We just encountered an interesting problem with the edu 2.0 email system that I thought I'd share.
When we first launched the site, we decided to use the Gmail SMTP server for sending emails. Everything worked fine until we hit the 500 user mark, at which point we noticed that some emails were not being sent successfully. The reason: Gmail imposes a 500-emails per day limit to prevent spamming.
We decided that the best alternative strategy was to use the sendmail program which comes pre-installed on LINUX servers. We switched over to sendmail (a single line modification in Rails) and everything seemed to be fine. We tested the system by sending a few emails to our test accounts; no problems.
A day later, I noticed that the number of people joining our site seemed to decrease, but I attributed this to a natural fluctuation in early users. However, after a while I noticed that some people just weren't getting emails that the system sent to them. After some debugging, we finally got a big clue; all the people who had recently joined our site had a Gmail account!
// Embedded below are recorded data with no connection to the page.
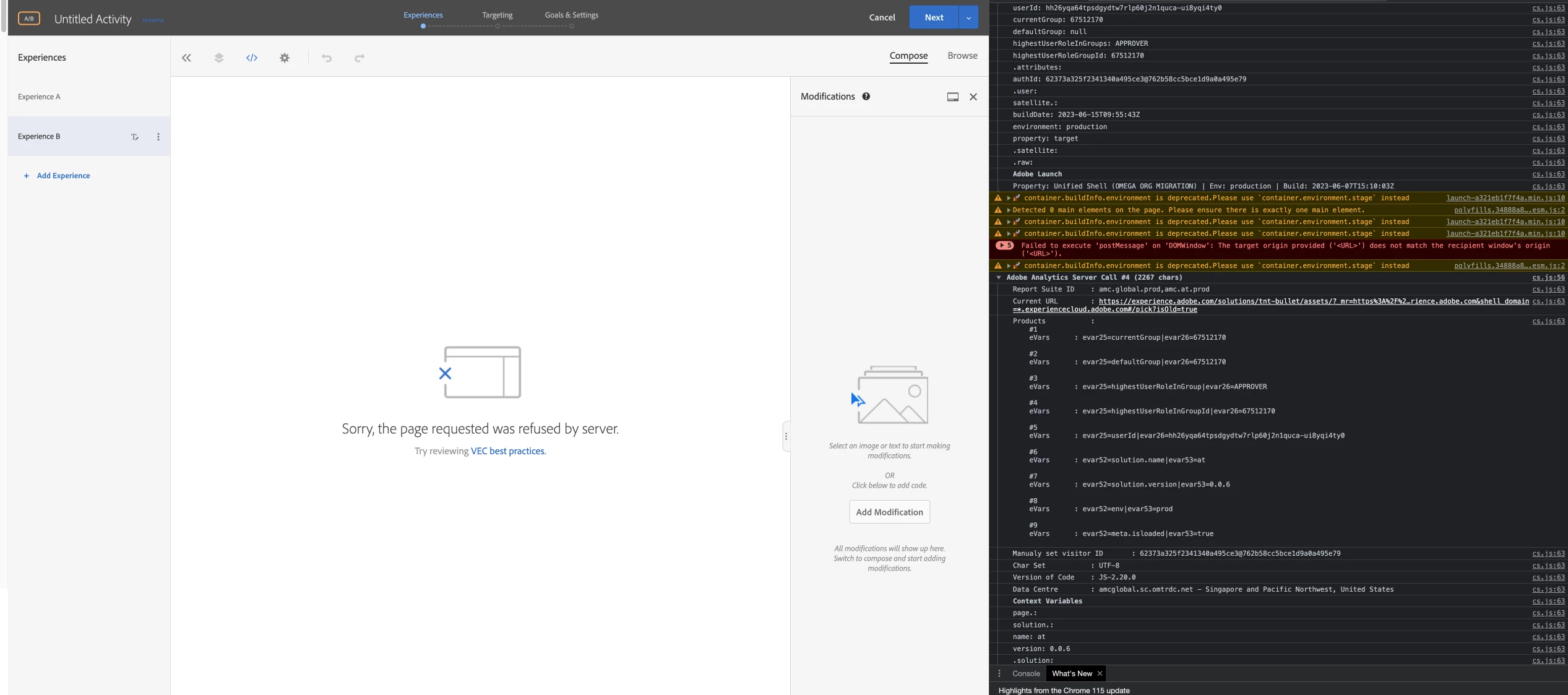 Adobe target Error in VEC- Sorry the page requested was refused by server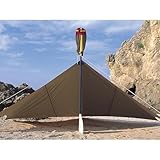 ソロキャンプには丁度いいサイズで、ワンポールで自立するタイプの小型タープとなっておりポールの代わりにトレッキングポールやパドルでも対応することが可能。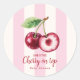 Celebrate the sweetness of a new arrival with these adorable "She's the Cherry on Top" baby shower stickers. Featuring a charming watercolor illustration of ripe cherries against a soft pink and white striped background, these stickers are a delightful way to add a special touch to your baby shower decorations. Use them to seal envelopes, adorn party favors, or embellish gift bags. This design captures the joy and excitement of welcoming a new baby, making it the perfect finishing touch for your celebration. Let these sweet cherries symbolize the precious little one who is the cherry on top of your world!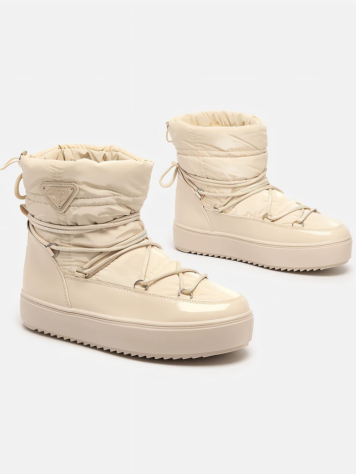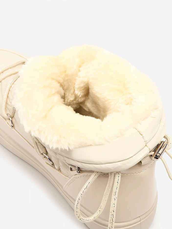 - Women's snow boots with an upper made of a combination of eco patent leather and a'la oilcloth material. Insulated inside in the form of fur, slip-on shoes. The model has a welt at the end of the upper. Ideal for winter!
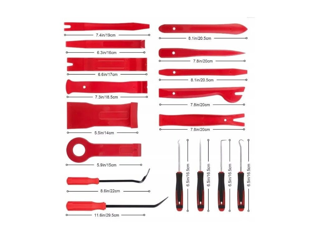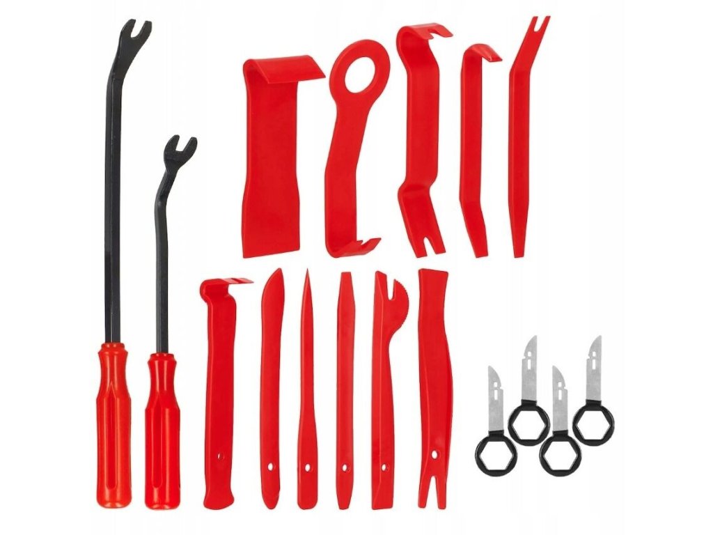 Profesionální 43dílná sada značky INVENTO je ideálním řešením pro mechaniky, servisní techniky, čalouníky i domácí kutily. Nástroje umožňují bezpečný demontáž interiérových prvků, čalounění, spon, lišt, palubních přístrojů i autorádií – a to bez rizika poškození povrchu.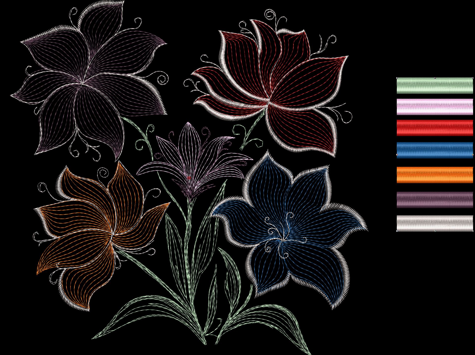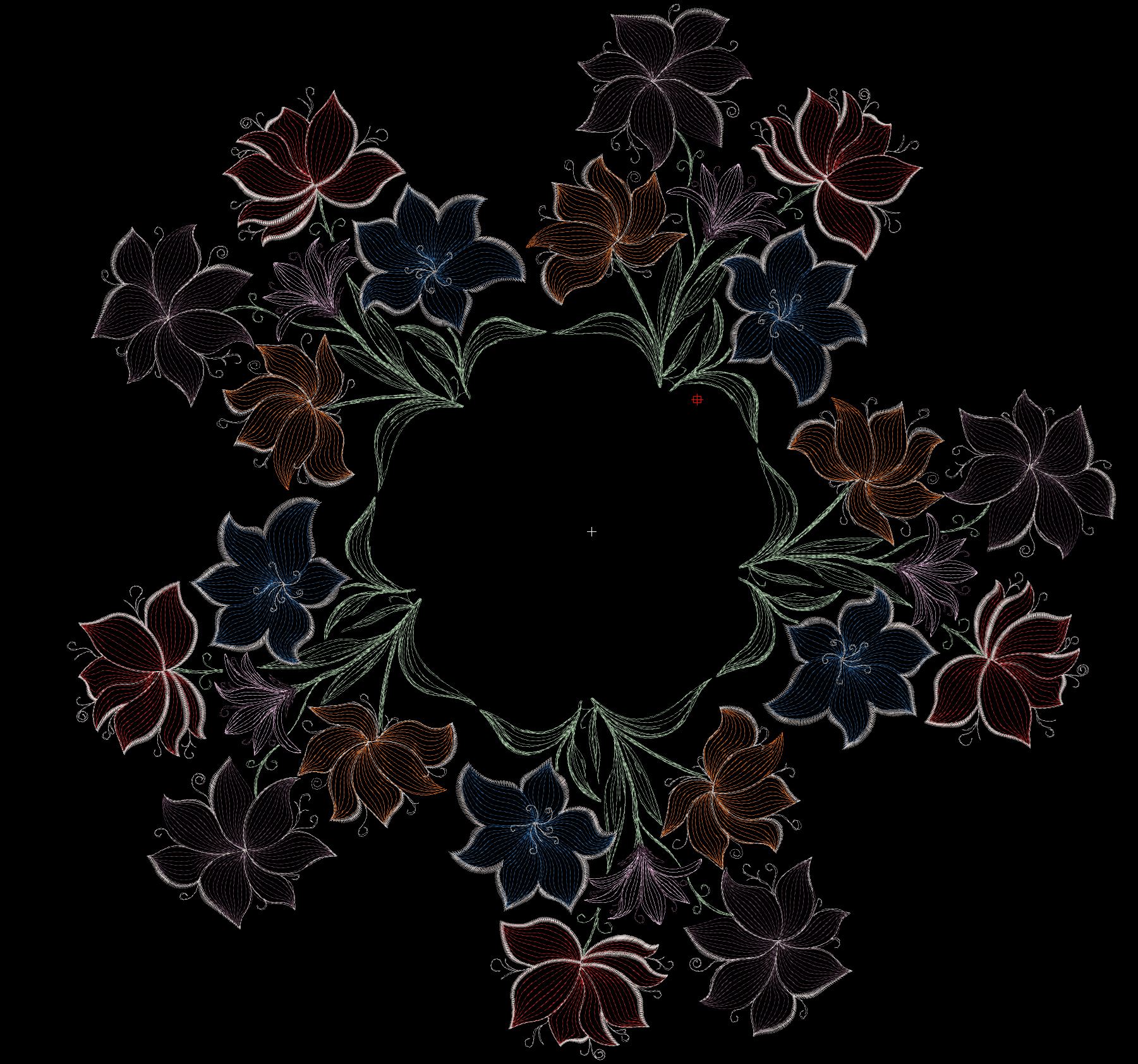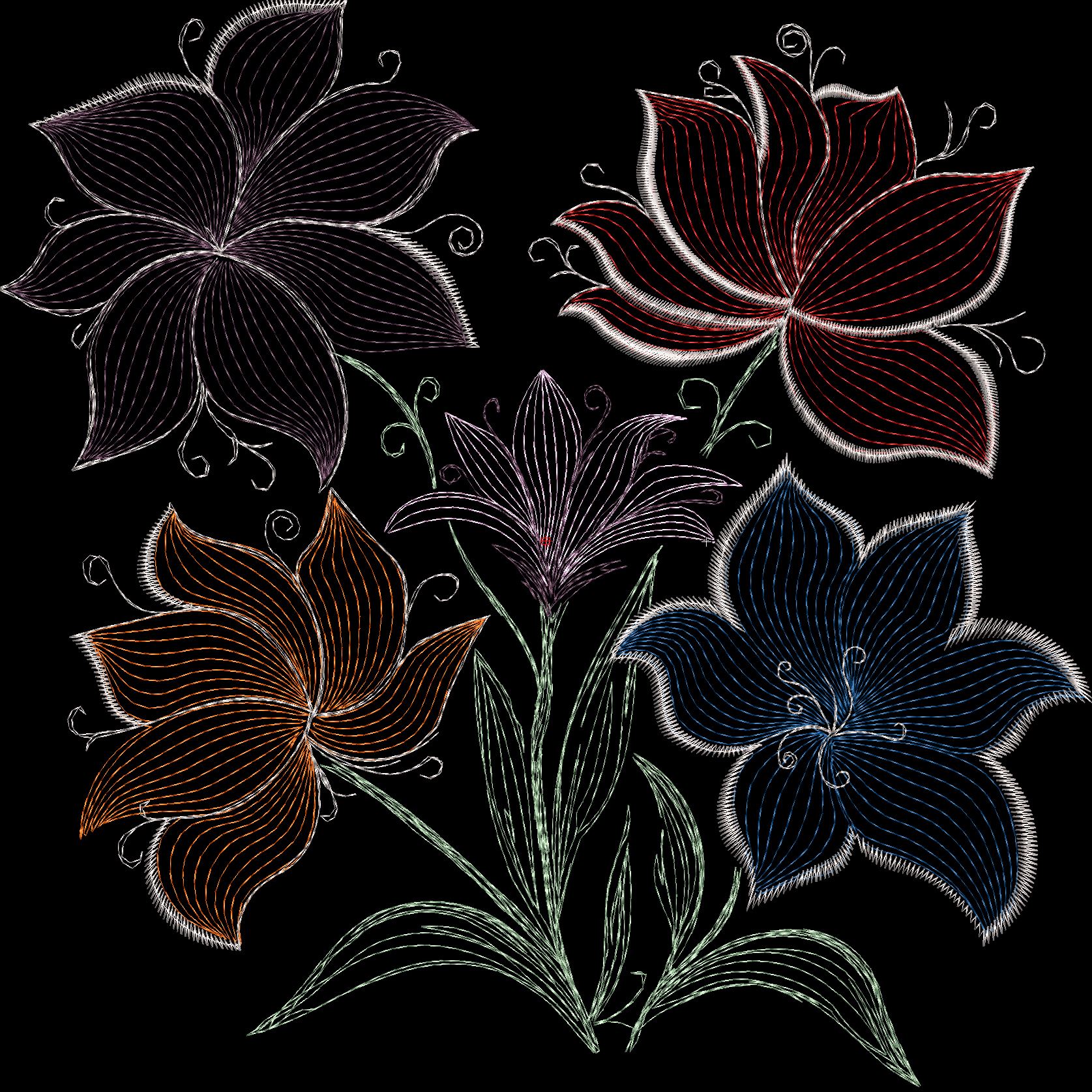 ✨Элегантный дизайн в виде букета из пяти цветов выполнен с тонкой детализацией. Заполнение лепестков создано редкими строчками, что обеспечивает деликатную проработку деталей и придает композиции воздушность и легкость. Благодаря продуманной композиции несколько таких мотивов можно объединить в круговую вышивку, создавая изысканный венок - идеальное украшение для центра скатерти.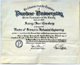 1941年10月,父亲乘船赴美国,进入通用车辆公司东芝加哥工厂工作一年,并由当时在洛杉矶加州工学院的钱学森先生代为办理了入学手续和证件,于1942年9月入印第安纳州普渡大学研究院主修机车设计专业,兼修加工工艺学和材料学专业,1943年8月获工学硕士学位。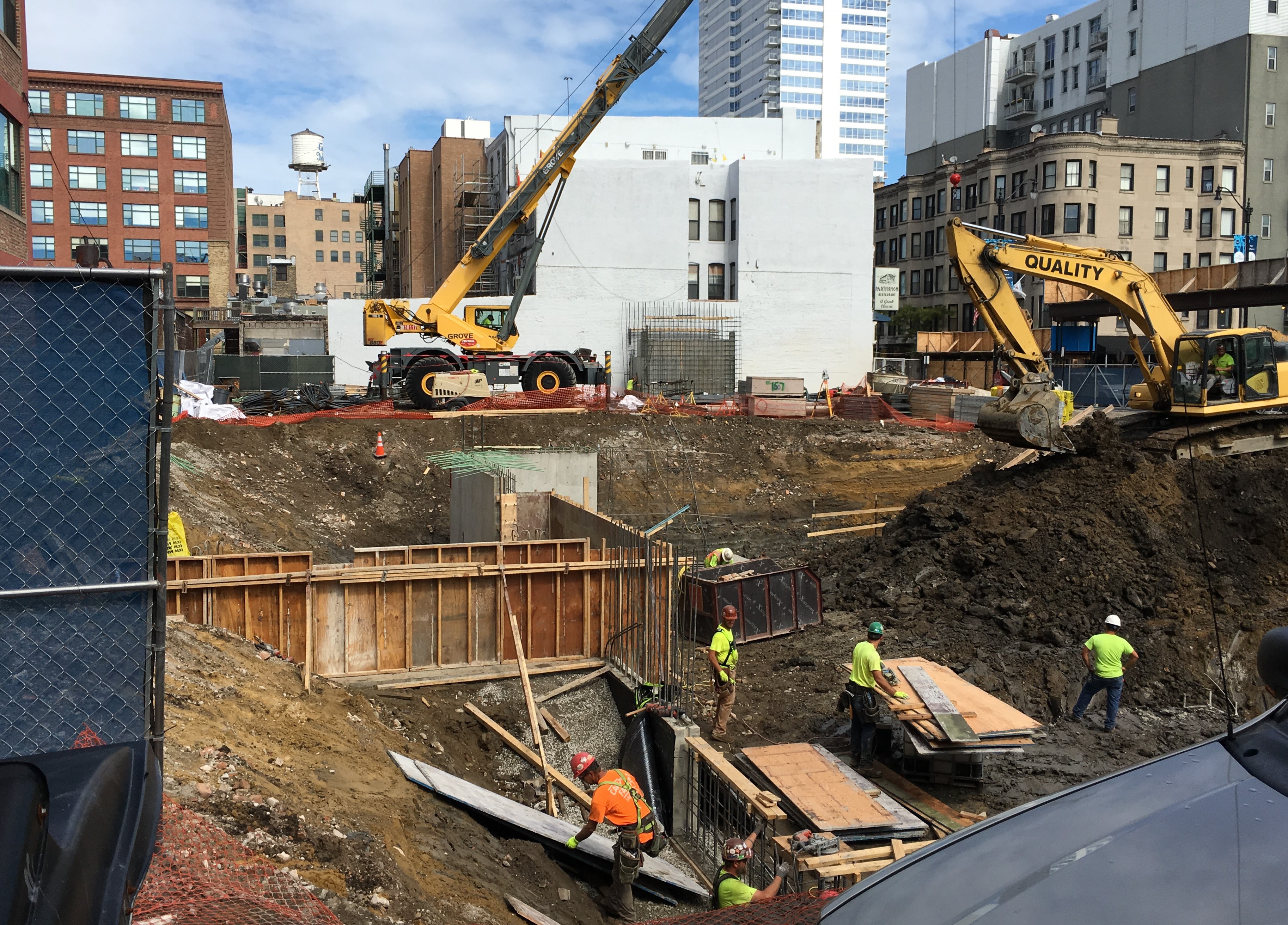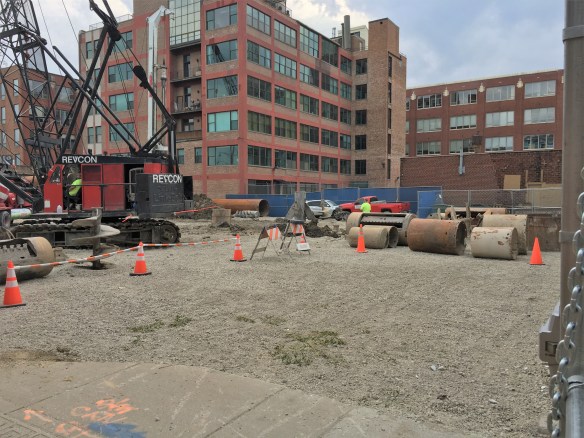 The Van Buren began with a foundation permit back in April, and has since completed caisson work, done a major amount of foundation digging, and planted a tower crane stub. When complete late in 2018, The Van Buren will deliver 148 rental apartments to the neighborhood.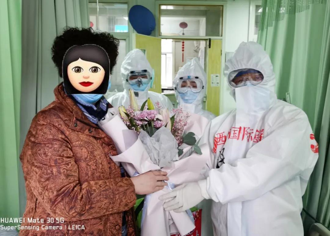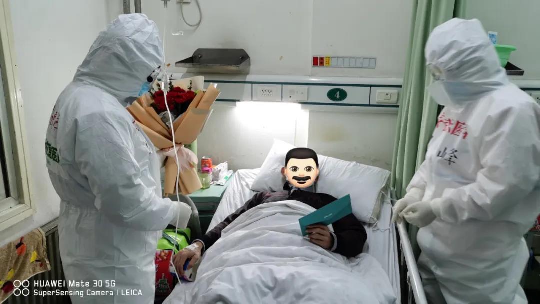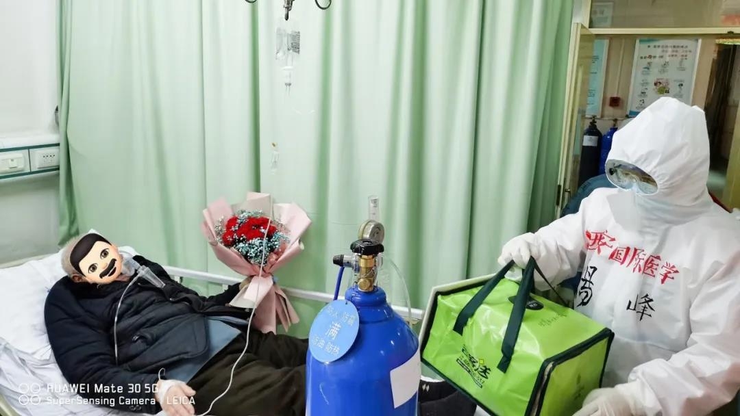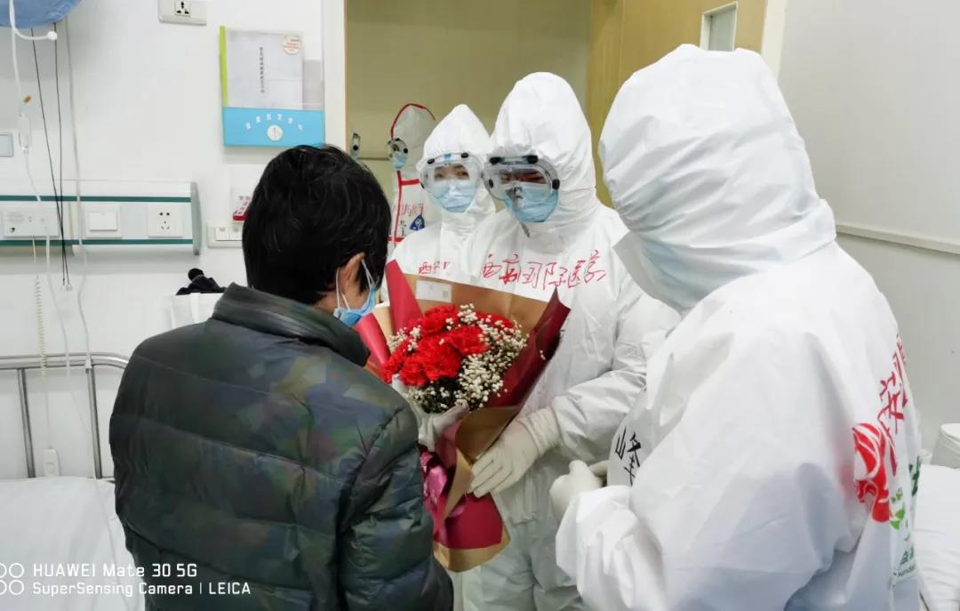 醫(yī)護(hù)人員為59歲患者袁某某送上鮮花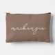 Trendy Mocha White Script Personalised Name Accessory Pouch.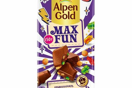 Шоколад молочный Alpen Gold Max Fun взрывная карамель-мармелад-печенье, 150г доставка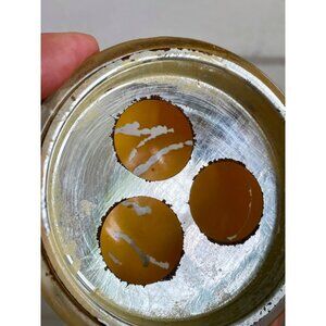 Here for your consideration is a round glass perfume holder for Duvinne perfume with three empty jeweled bottles inside. The holder should have a jewel on the top as is missing and it does have a bit of paint wear. The holder measures 3" tall and wide. The little bottles are 1 3/4" tall. No chips in any of the glass. Please see all pictures as flaws are shown.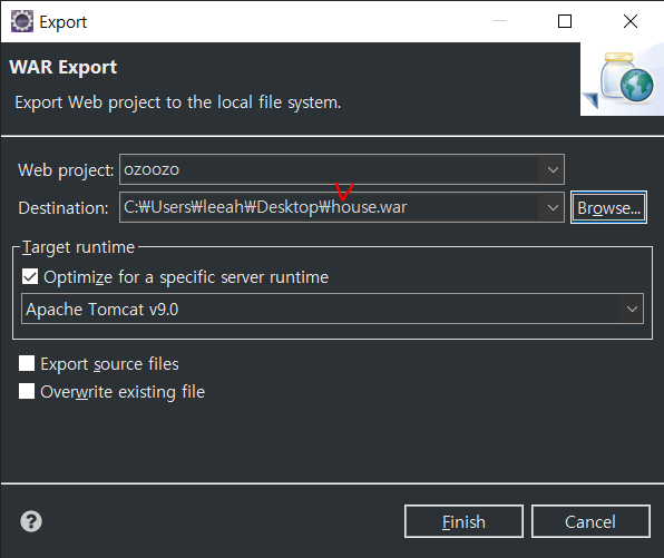 그 다음 위와 같이 체크해주고 저장하게 되면 house.war파일이 성공적으로 export됩니다.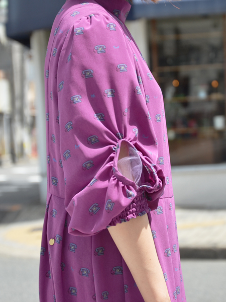 ちっちゃな電話がいっぱいプリントされたレトロなワンピース。

It turns out that we didn't have the more modern "postfix" sendmail utility and the one that was installed didn't process DNS correctly. The result was that Gmail accepted our emails and other systems rejected them. Sure enough, I found that around 100 people who had recently tried to join had never received their activation codes. Oops!
The good news is that we found the bug and switched over to the new system. We'll do some more testing with accounts that aren't on Gmail (Yahoo, AOL, HotMail at the minimum) and send apology emails to the people who recently tried to join. The other bit of good news is that our user base has actually been expanding, although it wasn't showing up due to the email issue.
It's good to get these kinds of issues straighted out early. I wonder how many more of them are lurking?